■ Exercise
Output only the lines below from the one holding "Laufschiene zum Aufhängen" down to the one holding "4 August 2020;", both end lines included and every picture dropped.

■ Working data
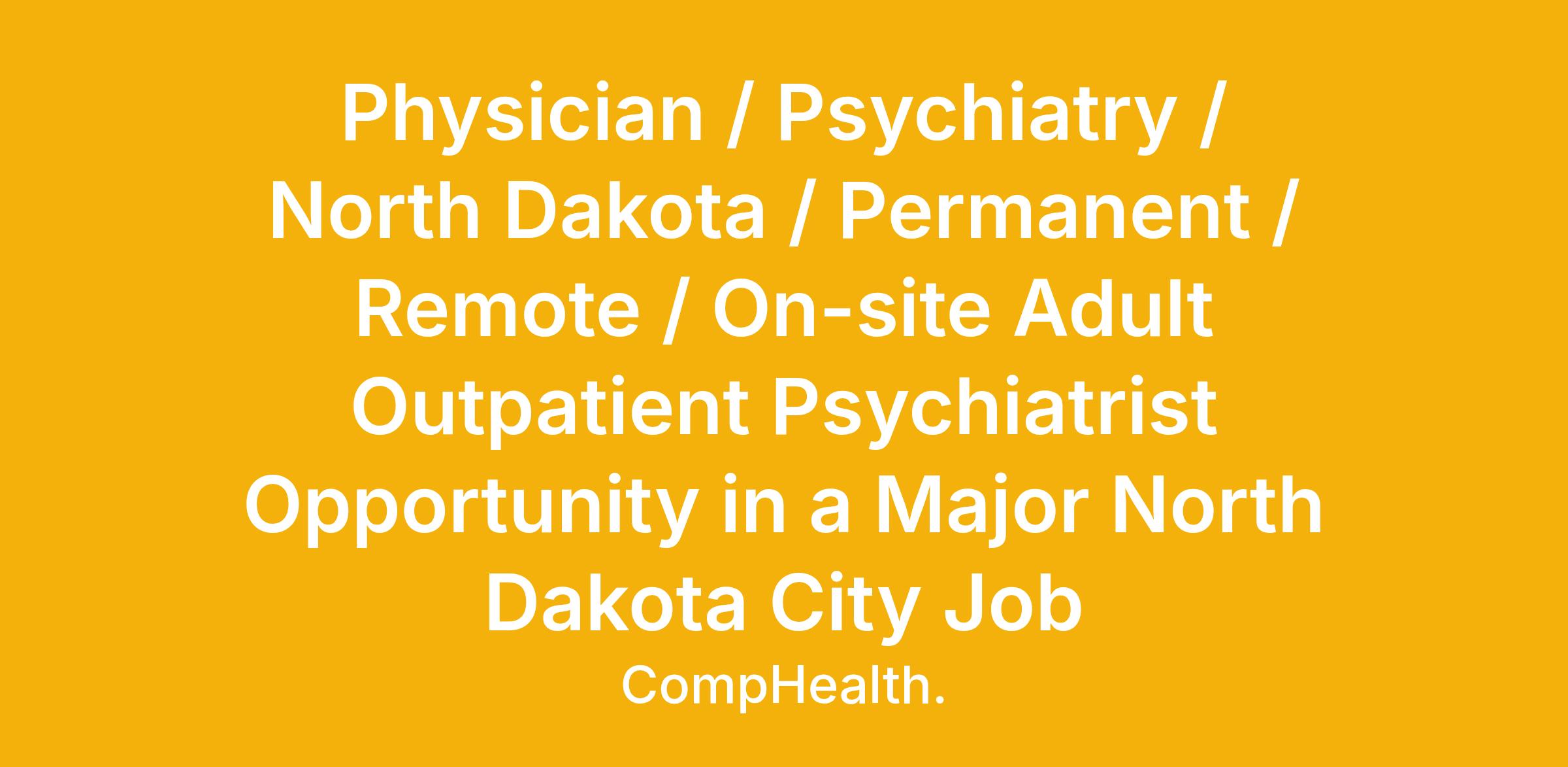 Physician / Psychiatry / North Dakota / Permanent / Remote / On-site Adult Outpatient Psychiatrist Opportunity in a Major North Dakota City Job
---
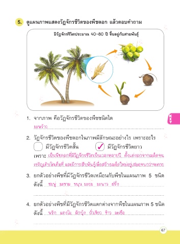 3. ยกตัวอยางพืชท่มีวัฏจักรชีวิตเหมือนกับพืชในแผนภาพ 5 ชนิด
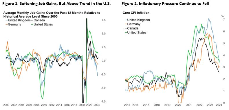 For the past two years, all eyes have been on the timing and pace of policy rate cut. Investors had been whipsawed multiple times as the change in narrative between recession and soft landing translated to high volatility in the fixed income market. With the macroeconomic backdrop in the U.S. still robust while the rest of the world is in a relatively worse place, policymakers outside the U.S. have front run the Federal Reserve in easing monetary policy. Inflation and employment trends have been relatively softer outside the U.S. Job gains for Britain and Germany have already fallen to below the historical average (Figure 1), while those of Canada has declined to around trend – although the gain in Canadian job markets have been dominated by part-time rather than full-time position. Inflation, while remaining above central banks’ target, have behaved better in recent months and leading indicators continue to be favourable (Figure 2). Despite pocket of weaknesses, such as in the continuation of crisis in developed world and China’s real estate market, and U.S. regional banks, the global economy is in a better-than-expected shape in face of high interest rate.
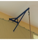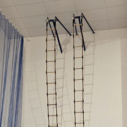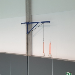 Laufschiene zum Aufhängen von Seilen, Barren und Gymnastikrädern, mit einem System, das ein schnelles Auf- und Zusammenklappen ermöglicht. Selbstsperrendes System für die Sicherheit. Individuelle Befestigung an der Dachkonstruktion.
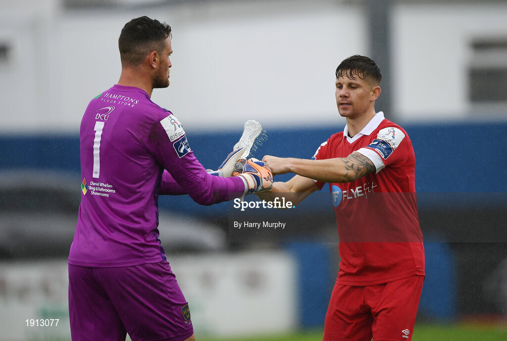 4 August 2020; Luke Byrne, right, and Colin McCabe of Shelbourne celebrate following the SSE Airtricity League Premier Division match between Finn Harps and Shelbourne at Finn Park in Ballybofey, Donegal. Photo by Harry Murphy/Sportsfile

■ Problem solution
 Laufschiene zum Aufhängen von Seilen, Barren und Gymnastikrädern, mit einem System, das ein schnelles Auf- und Zusammenklappen ermöglicht. Selbstsperrendes System für die Sicherheit. Individuelle Befestigung an der Dachkonstruktion.
 4 August 2020; Luke Byrne, right, and Colin McCabe of Shelbourne celebrate following the SSE Airtricity League Premier Division match between Finn Harps and Shelbourne at Finn Park in Ballybofey, Donegal. Photo by Harry Murphy/Sportsfile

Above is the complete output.